* _TO DO_:
Pictures are to be left out. Return exactly the lines below from the one with "- I use picks" up to and including the one with "ปีการศึกษา 2568 |".

* _DATA RECORDS_:
################

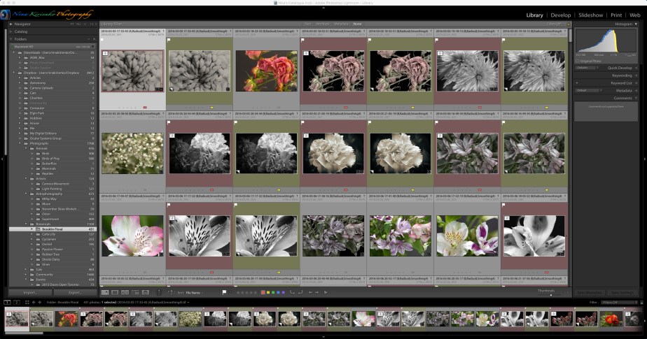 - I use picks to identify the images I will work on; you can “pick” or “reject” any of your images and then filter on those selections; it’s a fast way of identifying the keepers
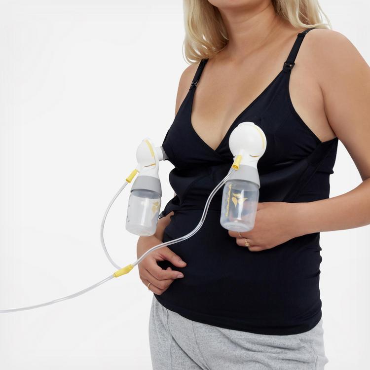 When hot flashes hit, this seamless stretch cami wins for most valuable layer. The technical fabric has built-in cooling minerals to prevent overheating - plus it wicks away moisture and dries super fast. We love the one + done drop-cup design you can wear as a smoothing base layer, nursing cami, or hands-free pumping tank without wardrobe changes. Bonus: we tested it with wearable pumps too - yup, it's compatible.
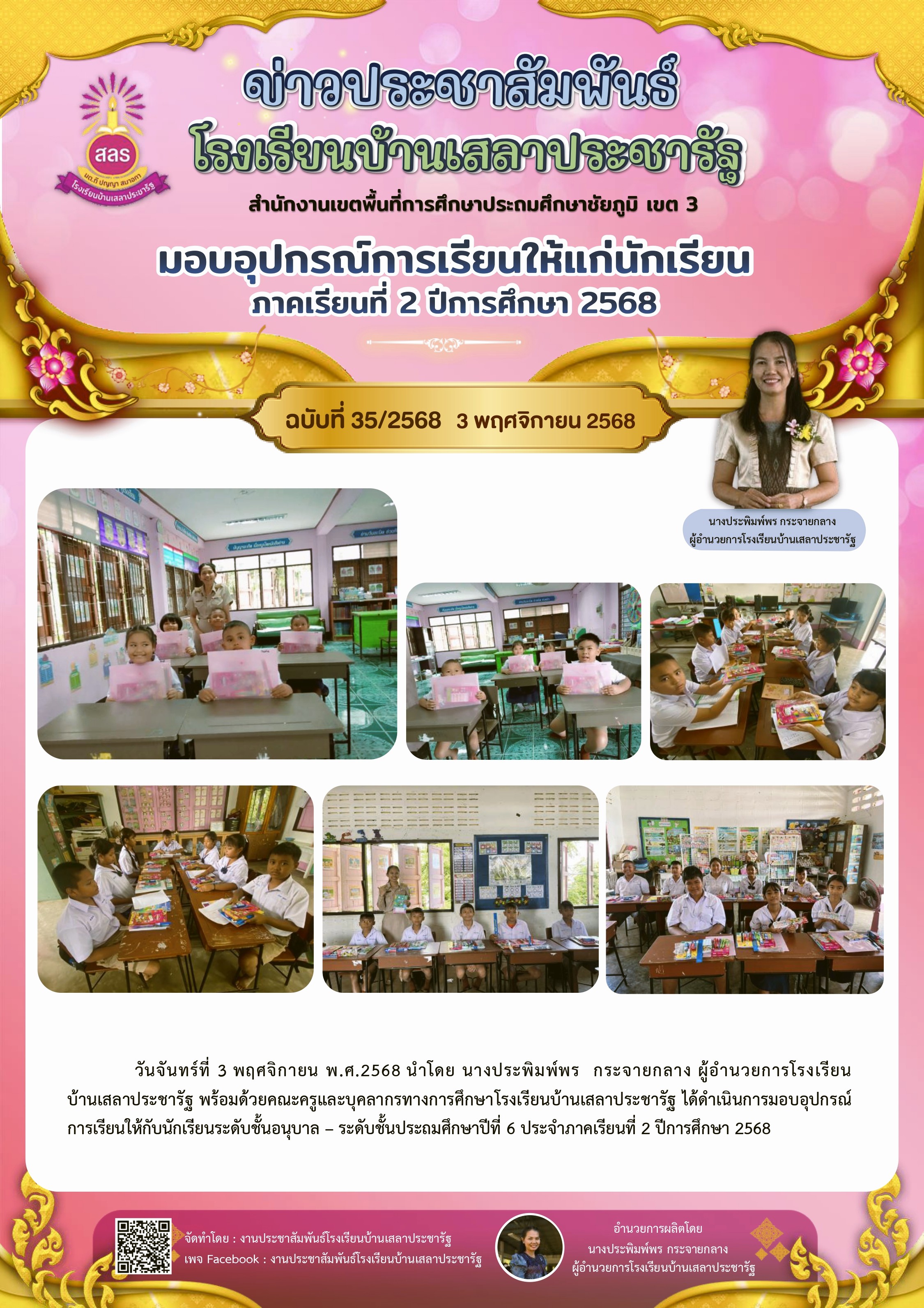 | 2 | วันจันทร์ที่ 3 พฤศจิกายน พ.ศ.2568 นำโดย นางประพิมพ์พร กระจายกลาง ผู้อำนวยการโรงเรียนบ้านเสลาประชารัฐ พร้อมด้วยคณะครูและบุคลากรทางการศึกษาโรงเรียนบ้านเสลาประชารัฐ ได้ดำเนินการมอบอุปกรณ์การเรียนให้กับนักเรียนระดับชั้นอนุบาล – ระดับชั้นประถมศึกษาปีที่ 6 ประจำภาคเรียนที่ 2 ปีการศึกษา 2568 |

################

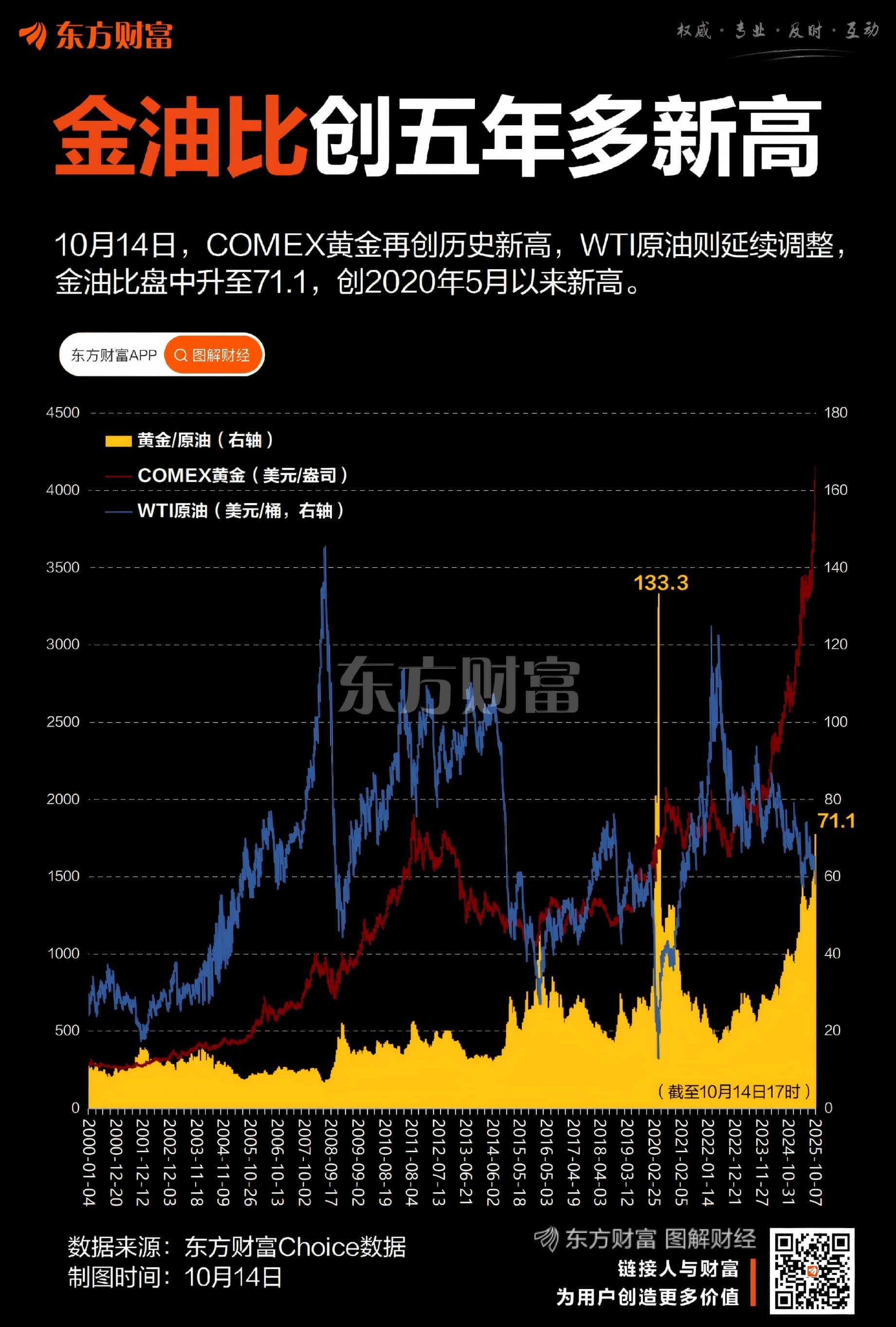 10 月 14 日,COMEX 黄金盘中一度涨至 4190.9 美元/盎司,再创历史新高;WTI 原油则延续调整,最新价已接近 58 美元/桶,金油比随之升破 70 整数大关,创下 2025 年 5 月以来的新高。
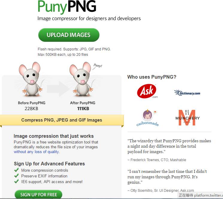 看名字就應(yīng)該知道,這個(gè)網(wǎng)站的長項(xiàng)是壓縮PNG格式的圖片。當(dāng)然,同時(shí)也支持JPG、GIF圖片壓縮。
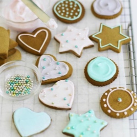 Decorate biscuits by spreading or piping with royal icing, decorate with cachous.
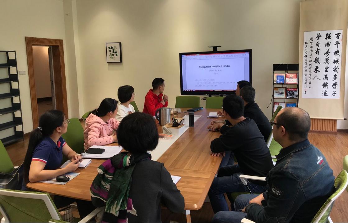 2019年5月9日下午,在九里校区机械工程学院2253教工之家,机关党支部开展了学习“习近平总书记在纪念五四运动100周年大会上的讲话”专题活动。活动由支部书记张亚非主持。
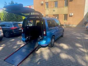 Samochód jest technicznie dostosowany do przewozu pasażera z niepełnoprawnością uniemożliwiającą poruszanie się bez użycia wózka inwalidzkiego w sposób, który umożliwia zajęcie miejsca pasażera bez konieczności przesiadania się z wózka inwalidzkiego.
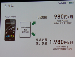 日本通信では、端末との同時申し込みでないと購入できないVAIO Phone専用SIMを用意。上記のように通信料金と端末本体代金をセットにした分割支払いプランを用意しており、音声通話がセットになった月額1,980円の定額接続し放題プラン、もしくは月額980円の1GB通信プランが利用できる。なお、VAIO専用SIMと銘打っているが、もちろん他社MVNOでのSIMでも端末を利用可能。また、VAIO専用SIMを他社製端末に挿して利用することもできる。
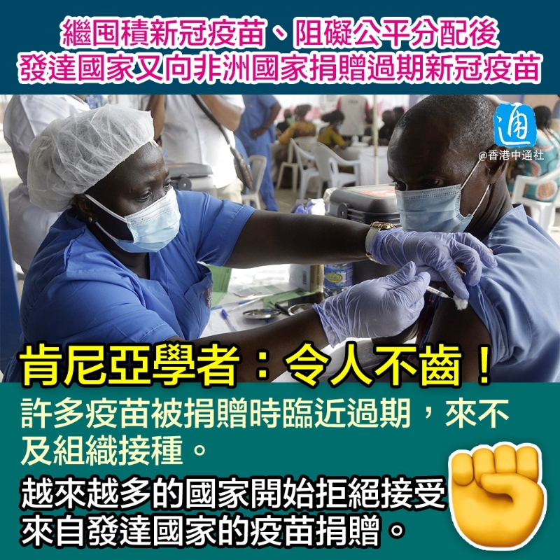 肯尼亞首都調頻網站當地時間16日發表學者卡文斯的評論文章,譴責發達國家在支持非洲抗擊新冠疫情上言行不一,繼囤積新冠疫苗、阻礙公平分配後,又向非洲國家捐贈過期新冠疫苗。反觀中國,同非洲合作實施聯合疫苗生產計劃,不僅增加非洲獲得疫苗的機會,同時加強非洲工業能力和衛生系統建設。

################

* _REPLY_:
 - I use picks to identify the images I will work on; you can “pick” or “reject” any of your images and then filter on those selections; it’s a fast way of identifying the keepers
 When hot flashes hit, this seamless stretch cami wins for most valuable layer. The technical fabric has built-in cooling minerals to prevent overheating - plus it wicks away moisture and dries super fast. We love the one + done drop-cup design you can wear as a smoothing base layer, nursing cami, or hands-free pumping tank without wardrobe changes. Bonus: we tested it with wearable pumps too - yup, it's compatible.
 | 2 | วันจันทร์ที่ 3 พฤศจิกายน พ.ศ.2568 นำโดย นางประพิมพ์พร กระจายกลาง ผู้อำนวยการโรงเรียนบ้านเสลาประชารัฐ พร้อมด้วยคณะครูและบุคลากรทางการศึกษาโรงเรียนบ้านเสลาประชารัฐ ได้ดำเนินการมอบอุปกรณ์การเรียนให้กับนักเรียนระดับชั้นอนุบาล – ระดับชั้นประถมศึกษาปีที่ 6 ประจำภาคเรียนที่ 2 ปีการศึกษา 2568 |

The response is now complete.